We have found H2 in Postgres mode to be the fastest way to test db stuff, at least in Postgres and Java. In Go you might lose most of the speed advantage since its not running "in JVM". It also doesn't support many of pg's advanced features
I'm generally not a fan of emulating database behavior through a mocking layer while testing/implementing. Even minor version changes of PostgreSQL plus it's extensions (e.g. PostGIS) may introduce slight differences, e.g. how indices are used, function deprecations, query planner, etc. . It might not even be an erroneous result, just performance regressions or slight sorting differences in the returned query result.

We try to approximate local/test and live as close as possible, therefore using the same database, with the same extensions in their exact same version is a hard requirement for us while implementing/testing locally.

However, I have no experience with H2 (and the modern Java ecosystem in general), so cannot talk about how close their emulation implementation resembles PostgreSQL behavior.

We do the same thing, with the addendum that nearly all of our tests use this mechanism.
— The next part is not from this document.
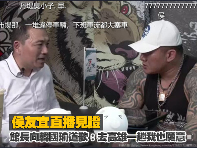 對此,館長晚間八點與侯友宜合體直播時表示,這一切都是誤會,希望韓國瑜能接受他的道歉,「去高雄一趟我也願意去」,日後他會謹嚴慎行。
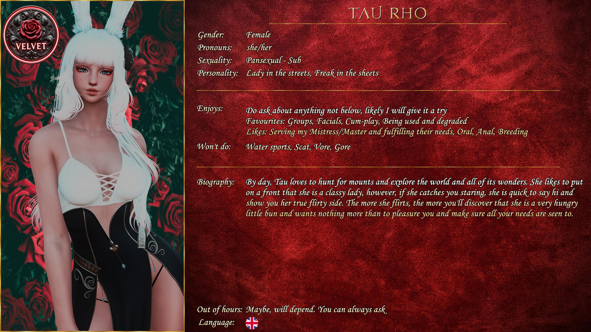 Be you adventurer or city elite, hero or villain, from Tural to Garlemald, here at Velvet we welcome you with open arms and tails. Looking for a quiet spot to discuss the latest political machination in Tuliyollal? Kick back with friends and listen to some music? Or retain one of our Vixens and taste of their exquisite delights? The choice is yours and Velvet has you covered.

A full test suite run recreates the template db from flyway migrations; every test run clones the template db. One nice thing about this is that it's easy to examine the state of the database on test failures. One downside is that there's no "drop multiple databases" command so cleanup can take a while depending on how often you run the script.

Yep, inspecting the actual database state after multiple test failures directly is very nice (we log the used test-database after before every test, so it's easy to connect afterwards).

Regarding cleanup: We run configure a max pool size in integresql after which "dirty"-flagged test databases are automatically removed (and then recreated on demand). We may also support auto-deletion (e.g. after a successful test) in the future, however currently it just does not seem necessary even when we have 5000+ test-db, it's just a disk-space concern.

This is super nice! I have seen similar solutions for Python in the past, but having an easy API + Docker makes this generic and language agnostics.

Have you looked to tweak PSQL parameters to make it faster for test runs e.g. by disabling disk writes?

Yep, disabling fsync, synchronous_commit and full_page_writes ONLY for this PostgreSQL integration testing strategy gives us an additional boost of ~35% in overall testing speed. https://github.com/allaboutapps/go-starter/blob/master/docke...

Regarding being language agnostic: YES, clients for languages other than go are very welcome. The integresql server actually provides a trivial RESTful JSON api and should be fairly easy to integrate with any language. This is our second iteration regarding this PostgreSQL test strategy, the last version came embedded with our legacy Node.js backend stack and wasn't able to handle tests in parallel, which became an additional hard requirement for us.

See our go-starter project for infos on how we are using integresql, e.g. our WithTestDatabase/WithTestServer utility function we use in all tests to "inject" the specific database: https://github.com/allaboutapps/go-starter/blob/master/inter...

How does this compare (performance-wise) to simply truncating all tables?
We did several benchmarks back in the day and it definitely depends on the size of your migrations + fixtures that you need in every test. Performance increases were simply huge for us, despite the serial execution of our tests in our legacy backends.

A new database scaffolded from a predefined template becomes available in several milliseconds or few seconds VS. truncating, migrating up and seeding (fixtures) would always take several seconds. We initially experimented with recreating these test-databases directly via sql dumps, then binary dumps until we finally realized that PostgreSQL templates are the best option in these testing scenarios.

Sorry, I've got no benchmarks to share at this time.